Group Theory and Unitary Symmetry[MatSciRep:61]

Abstract

The introductory chapter on Elementary particles gives an account of Interaction between particles, like Electromagnetic interaction, Strong interactions, weak interactions and it also reviews the Dirac Equation. This report deals with Group Theory, Lie Algebra, Lie Groups, Classical Groups, Root Structure, Representations of Lie Group and Lie Algebras and Unitary Groups. The report also talks about 'Discrete Transformation', where CPT and their Implications and Reactions are described and definitions of Conjugation is given. In the chapter "Generating functions of classical groups and evaluation of partition functions", the concepts like properties of simple reducibility, Equivalence of an irreducible representation and its conjugates, multiplicity, internal multiplicity structure are discussed. Recursion relations for the internal multiplicity is obtained. The general discussion of 'Kostant's formula', the Weyl group, the structure of positive and primitive roots, and the diophantine equations are dealt with. Conclusion: The Generating function for various classical groups have been constructed which are then used to set up recursion relations for the partition function which enter the Kostant's formula for the inner multiplicity structure.
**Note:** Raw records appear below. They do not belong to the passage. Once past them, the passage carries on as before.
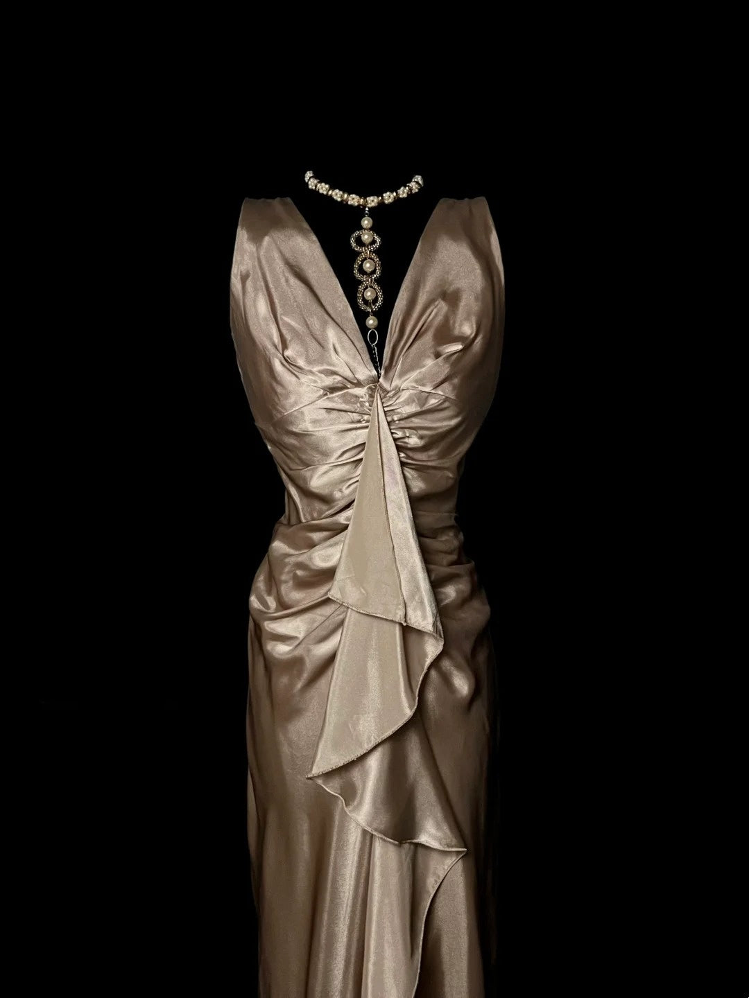 Gorgeous Prom Dress V-neck Pleated Long Prom Dress Evening Dress Birthday Party Dress D3178
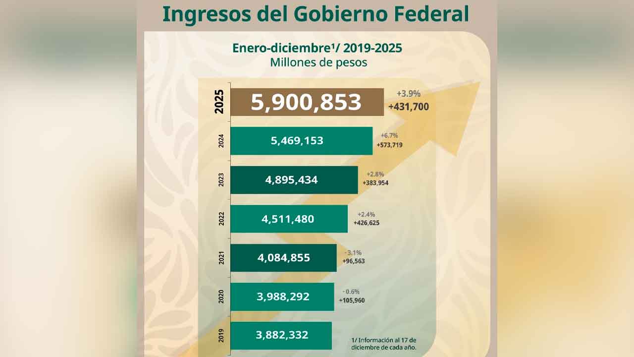 El reporte del SAT y la Secretaría de Hacienda muestra la evolución de los ingresos del Gobierno Federal entre 2019 y 2025, destacando un aumento constante: de 3.88 billones en 2019 a 5.9 billones de pesos en 2025, reflejando un crecimiento sostenido de la recaudación fiscal en el país.
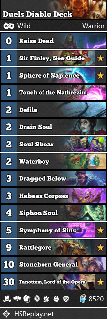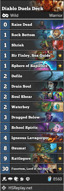In a surprise patch, Hearthstone banned Waterboy -among other cards- from Duels given the unwanted interactions with Diablo. This makes the following two decks illegal. We are looking for more 12-win decks for Diablo and we will update the article as soon as we get them.

The essential idea of the whole analysis is the realization that the number of solutions of the matrix equation K = Ca ( for given k and c) where the matrix C is in general a rectangular matrix with non-negative integer coefficients, and the components of the vectors k and a are again non-negative integers, given by the coefficients of x1^k1, ... xl^kl of the generating function. The connection between the internal and external multiplicity structures are also discussed.